THE TASK
With every picture left out, give the data below back exactly.

DATASET EXCERPT
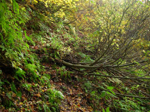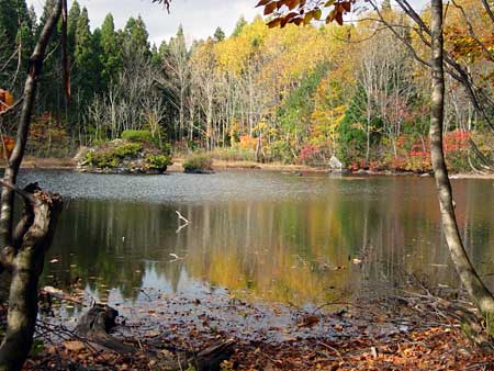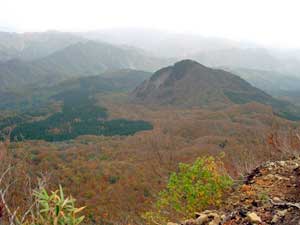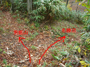 秋田県 甑山(H20.10.25) 登山ルート;駐車場(皿川林道)→名勝沼分岐→県境分岐→男甑山手前ピーク→男甑山山頂→男甑山手前ピーク→最低コル→女甑山→コル分岐→名勝沼→駐車場 標高;男甑山981m 女甑山979m |
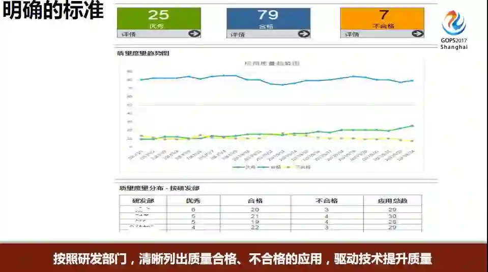 通过这些数据就提供一些标准,这个就是质量度量的界面,大家可以看的很清晰。大家可以清晰的看到每个部门到底有多少应用,应用系统到底是合格还是不合格。质量情况到底怎么样,想度量别人,一定是两个纬度。
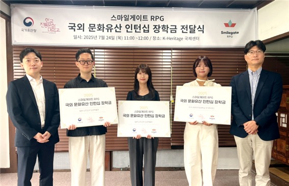 국가유산청 한국전통문화대학교는 스마일게이트 RPG와 손잡고 ‘국외 문화유산 인턴십 장학금’ 프로그램을 통해 총 3명의 학생을 해외 문화유산 전문기관에 파견한다. 지난 7월 24일 오전 11시 K-Heritage 국제센터에서 진행된 장학금 전달식에서는 총 1천만 원의 장학금이 학생들에게 지급됐다.

SOLVED PROBLEM
 秋田県 甑山(H20.10.25) 登山ルート;駐車場(皿川林道)→名勝沼分岐→県境分岐→男甑山手前ピーク→男甑山山頂→男甑山手前ピーク→最低コル→女甑山→コル分岐→名勝沼→駐車場 標高;男甑山981m 女甑山979m |
 通过这些数据就提供一些标准,这个就是质量度量的界面,大家可以看的很清晰。大家可以清晰的看到每个部门到底有多少应用,应用系统到底是合格还是不合格。质量情况到底怎么样,想度量别人,一定是两个纬度。
 국가유산청 한국전통문화대학교는 스마일게이트 RPG와 손잡고 ‘국외 문화유산 인턴십 장학금’ 프로그램을 통해 총 3명의 학생을 해외 문화유산 전문기관에 파견한다. 지난 7월 24일 오전 11시 K-Heritage 국제센터에서 진행된 장학금 전달식에서는 총 1천만 원의 장학금이 학생들에게 지급됐다.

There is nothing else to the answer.